Top of Data for this task

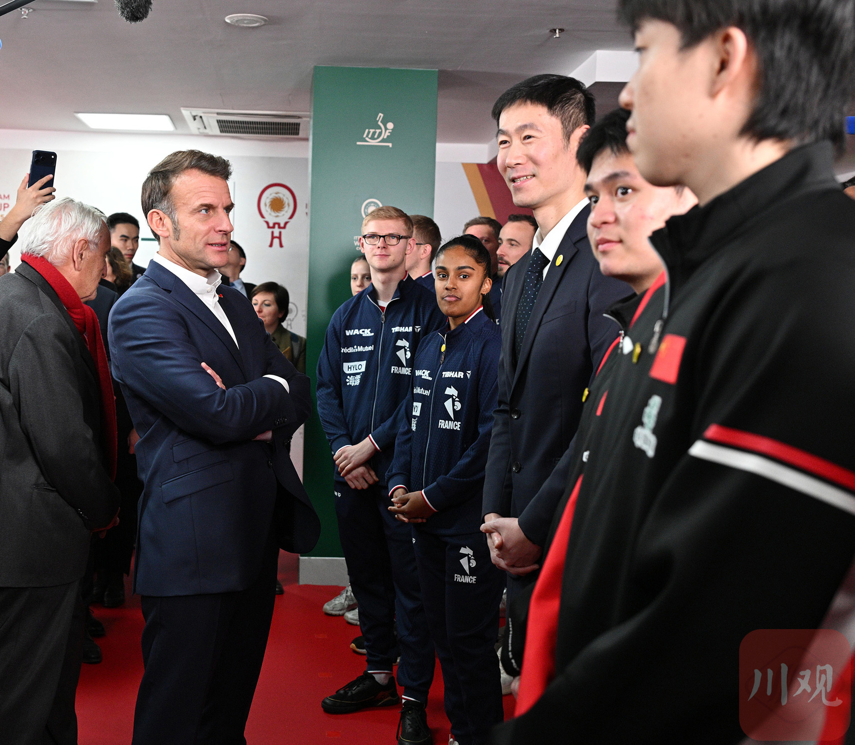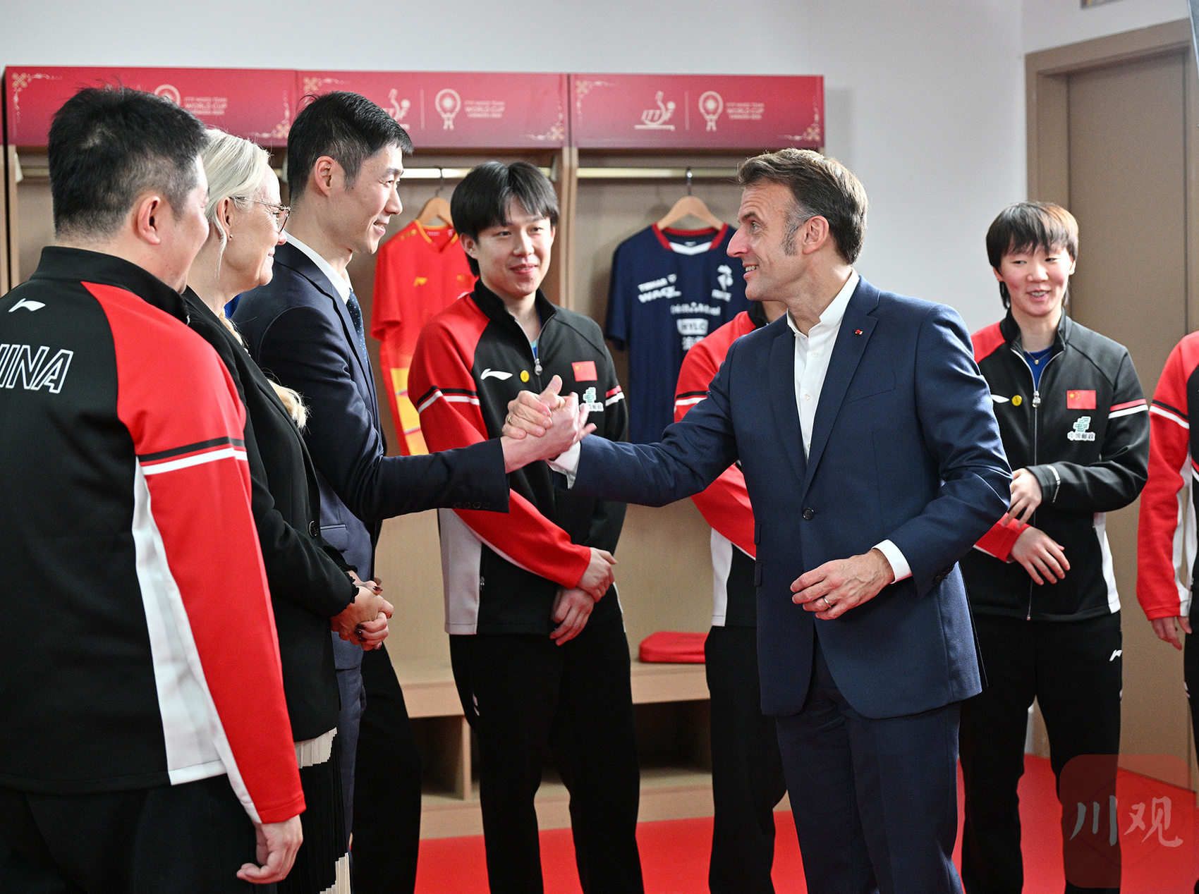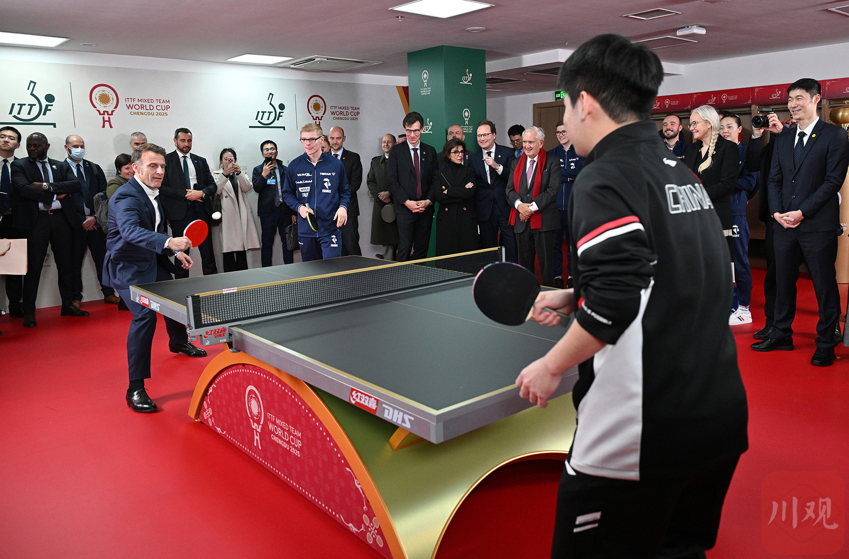 12月5日下午,法国总统马克龙前往四川省体育馆,看望参加2025年国际乒联混合团体世界杯的中法两国运动员与教练。
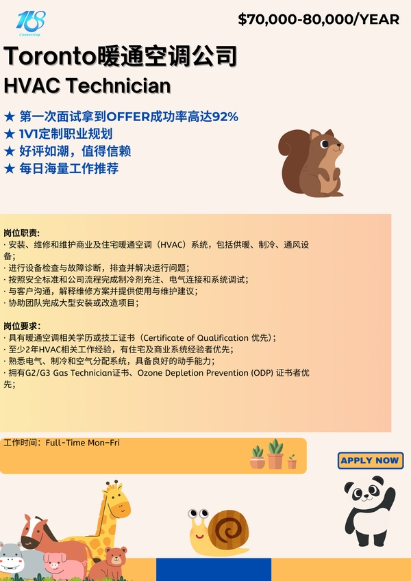 【168中介内推】Toronto暖通空调公司诚聘HVAC Technician
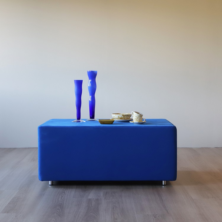 vidunderlig levende blå farve i Alcantara-stof.\nOttomaner, også kendt som
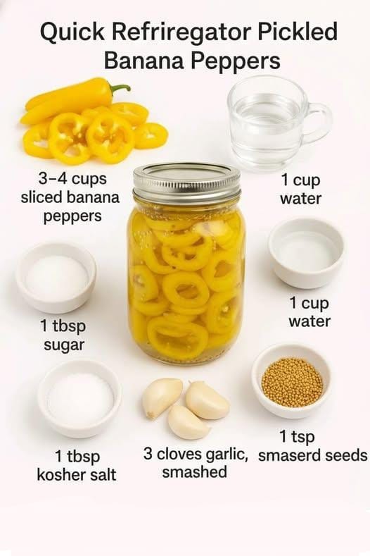 Quick Refrigerator Pickled Banana Peppers – No Canning, No Fuss! These pickled banana peppers have become my go-to topping for everything. They’re tangy, slightly sweet, and way better homemade than anything you’ll find in a jar. Perfect on salads, sandwiches, pizzas, wraps — you name it. And just like jalapeños, no canning needed!
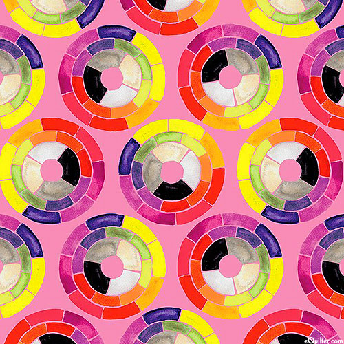 Color wheels one might use as a paint palette are scattered against a solid background in this charming design. Larger circles are about 2", 'Wheel of Color' from the 'Mess Maker' collection by The Paper Curator for Michael Miller Fabrics.
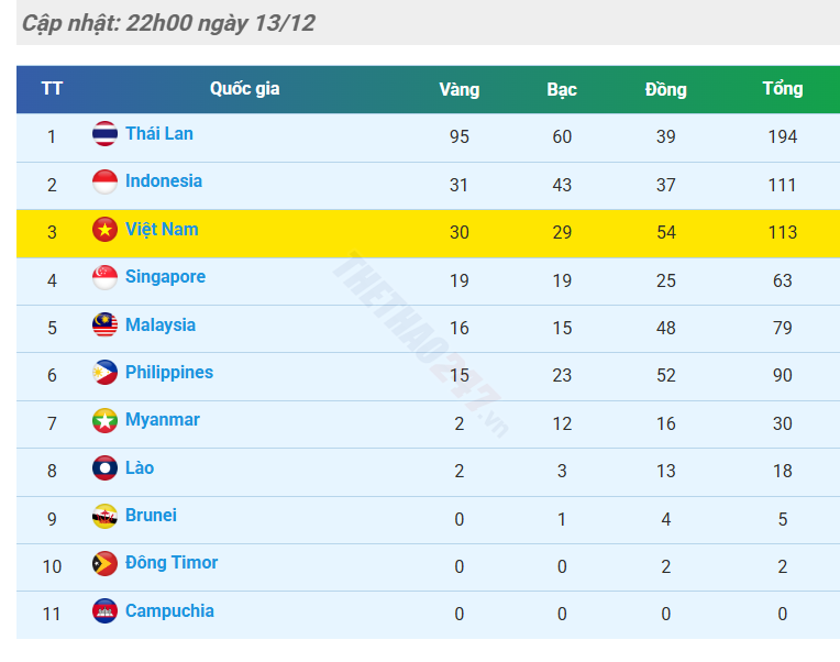 Bảng tổng sắp huy chương ngày 13/12.
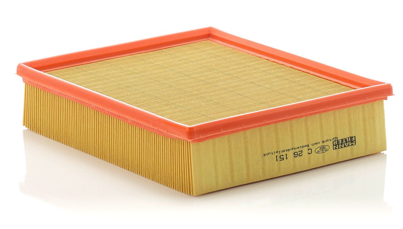 High-quality MANN-FILTER air filters for clean air intake and optimum protection for your engine, mass air flow sensor & other sensitive components / They meet requirements of modern engine technology. Highest dirt holding capacity and dirt separation efficiency, low flow resistance and high pleat stability ensure functional reliability during the entire service interval.
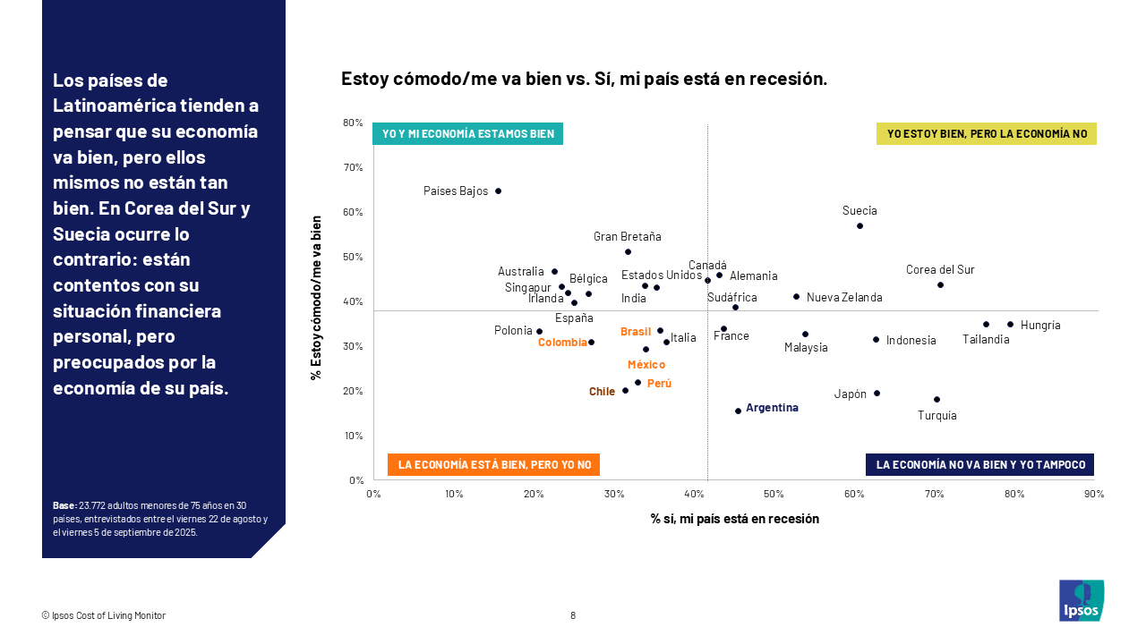 “Con la excepción de Argentina, que tiene asumidas sus dificultades económicas como una condición crónica, los países de América Latina se distinguen por un mayor optimismo respecto a sus finanzas personales para el próximo año. En cada uno de ellos son más los encuestados que esperan que aumente su estándar de vida e ingresos disponibles para 2026 que los que piensan que disminuirá. Esto a pesar de que actualmente la situación es inversa: por ejemplo, en Chile la proporción que declara vivir cómodamente (20%) es mucho menor a los que dicen tener dificultades con sus finanzas (48%)”, analiza Jorge López, Country President de Ipsos Chile.

Bottom of Data for this task

Every line from the one that contains "Color wheels one" through the end of the records above is to be reproduced exactly; no picture goes in the copy.

__Solution for this task__.
 Color wheels one might use as a paint palette are scattered against a solid background in this charming design. Larger circles are about 2", 'Wheel of Color' from the 'Mess Maker' collection by The Paper Curator for Michael Miller Fabrics.
 Bảng tổng sắp huy chương ngày 13/12.
 High-quality MANN-FILTER air filters for clean air intake and optimum protection for your engine, mass air flow sensor & other sensitive components / They meet requirements of modern engine technology. Highest dirt holding capacity and dirt separation efficiency, low flow resistance and high pleat stability ensure functional reliability during the entire service interval.
 “Con la excepción de Argentina, que tiene asumidas sus dificultades económicas como una condición crónica, los países de América Latina se distinguen por un mayor optimismo respecto a sus finanzas personales para el próximo año. En cada uno de ellos son más los encuestados que esperan que aumente su estándar de vida e ingresos disponibles para 2026 que los que piensan que disminuirá. Esto a pesar de que actualmente la situación es inversa: por ejemplo, en Chile la proporción que declara vivir cómodamente (20%) es mucho menor a los que dicen tener dificultades con sus finanzas (48%)”, analiza Jorge López, Country President de Ipsos Chile.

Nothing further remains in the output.